A former colleague of mine contacted me by phone a few months ago. He offered me a job. Decided not to take it, though. For two reasons. The first reason being that he was very insistent I move back to Toronto to take the job. Something I have precisely zero interest in doing. I lived and worked in Toronto for a number of years, and those were arguably the darkest years of my life.
My old program coordinator at Sheridan College once advised a more naïve and innocent version of yours truly against seeking work in the Big Smoke upon graduation. Her exact pearl of wisdom was: “You’re just not a Toronto kind of guy.” I probably should’ve taken her advice in retrospect. But I didn’t, and learned the hard way what she was getting at. I ended up working for a psychopath who eventually got arrested for stabbing a dude, but that wasn’t the half of it. Toronto is only exciting and glamourous if you’ve never had the experience of living or working there. Otherwise, it’s a miserable place. Shameless materialism and delusions of grandeur are epidemics in that town. If you dare to base your whole sense of self-worth on something other than the number of zeros on your paycheque, people actually think there’s something horribly wrong with you.

The second reason why I turned down the job is because I’ve already made definitive plans as to what I’m going to do with the post-Ellis Galea Kirkland phase of my professional life. Plans which I may or may not elaborate on in a future blog post. I’d like to devote my time and talents towards a more noble endeavour. All the paperwork with regards to said endeavour has been completed and submitted to the relevant personnel; I should be hearing back from them in a few months’ time. [EDIT 1/30/2020 10:40 UTC-5 These plans ultimately did not work out for me, as I elaborate on in more detail here. So the search continues for life’s next great adventure. Hopefully that adventure will not involve dealing with anyone with a God complex. Satisfaction would still be a good and welcome thing.]
It was the first time I had spoken to the aforementioned former colleague in four years, and the conversation did not revolve entirely around this job he was offering me. Among other things, he enlightened me to the fact that our one-time boss did not actually commit suicide, as was initially reported in the Globe. That was the “official” explanation given to the media, but the truth is even stranger (and hence far more interesting) than that. She died accidentally. Hypothermic shock.
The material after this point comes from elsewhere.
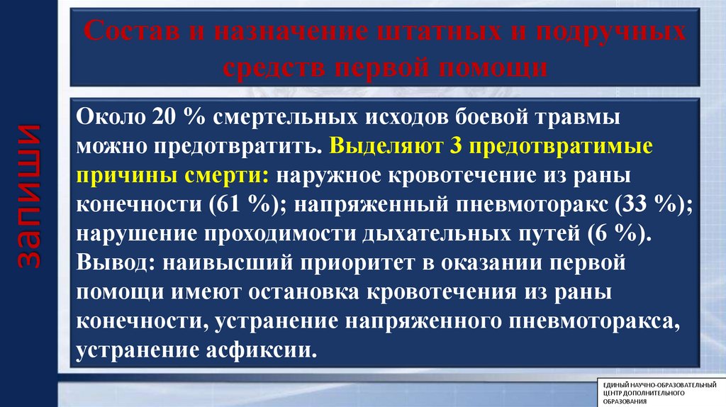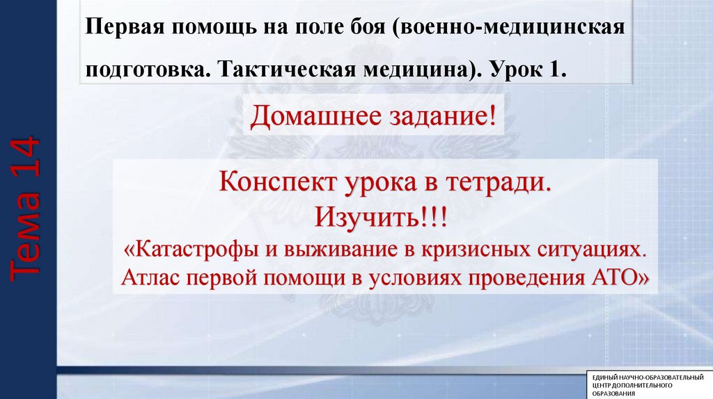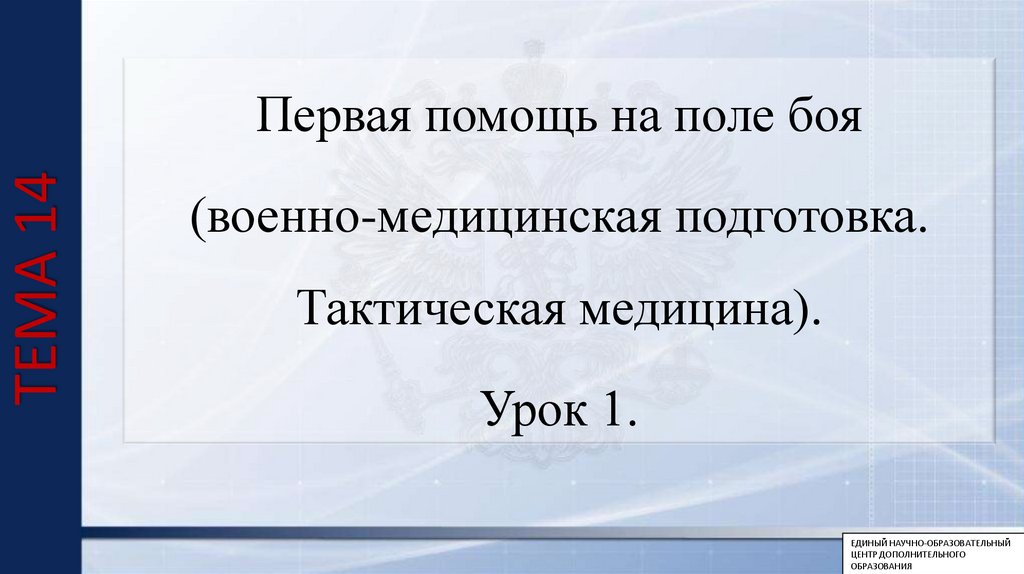 Первая помощь на поле боя (военно-медицинскаяподготовка. Тактическая медицина). Урок 1.

As I’ve mentioned elsewhere on this site, Ellis Galea Kirkland was a cancer survivor. She successfully bought her way back to relative health, but not before her years of illness rendered numerous biological functions defective. One of those functions being the human body’s natural thermoregulatory ability. Over a period of years, her body temperature would gradually lose its propensity to remain consistent regardless of external atmospheric conditions, and would instead fluctuate in response to her body’s immediate surroundings. In short, she ceased to be a normal warm-blooded mammal and became cold-blooded. Like a reptile.
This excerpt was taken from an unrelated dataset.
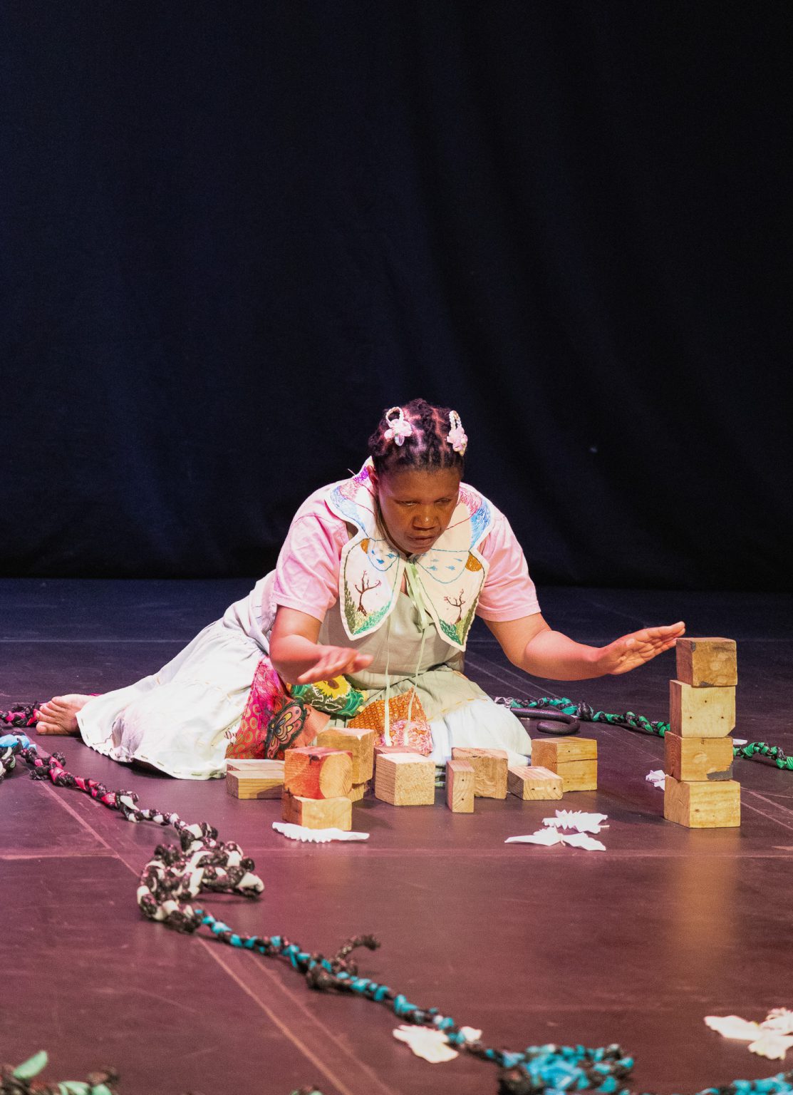 The stage is littered with multicoloured butterflies, dressed in what I recognise as ugqabsi [skipping rope]. In comes Neo dressed in a light blue knee-length dress stitched with butterflies on the pockets, she catches a butterfly and watches it as it soft-lands on her arm.

Years ago when Ellis first discussed this particular quirk of her physiology with me, I made some wisecrack to her in response about how she was a human lizard. Despite her hair-trigger temper and her tendency to take herself way too seriously, she laughed that one off. The joke likely reminded her of the pet iguana she used to have back in the Eighties.
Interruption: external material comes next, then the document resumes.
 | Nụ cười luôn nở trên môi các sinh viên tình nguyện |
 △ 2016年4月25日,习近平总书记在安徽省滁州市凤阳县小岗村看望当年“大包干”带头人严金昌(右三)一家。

Yeah, you read that right – being the near-Michael Jackson level of eccentric she was, Ellis once had a pet iguana. I never met the iguana, unfortunately. It had been dead for years by the time I first met Ellis, but I’ve personally seen old photographs of her posing with it. She would tell me that this critter expired prematurely as a result of an unintended moment’s exposure to a particularly harsh Canadian winter. In a weird way, one could say the iguana eerily presaged its owner’s death some thirty years later.

With her reptilianism in some unbeknownst waxing phase, it would be a mere five minutes outside on a bitter New Year’s Eve in the financial capital of a certain country far in the Northern Hemisphere known the world over for its harsh winters (if nothing else) that would ultimately do her in. A demise that recalls the Wicked Witch of the West, in the sense that she was killed by something that has been naturally present on Earth for millions of years which the comfortable majority can easily withstand exposure to without suffering any life-threatening medical complications.
I may or may not use this as a plot device in SILVER BROWN. Some variant of it might show up, but right now it’s really too early to tell. It’s certainly fucked-up enough to make excellent fodder for fiction. The stuff of a good biological horror story worthy of Cronenberg. There are quite a few characters in SILVER BROWN that cannot be accurately described as human, so if I find myself having to kill one of them off, it would be only fitting to give them a very inhuman sendoff.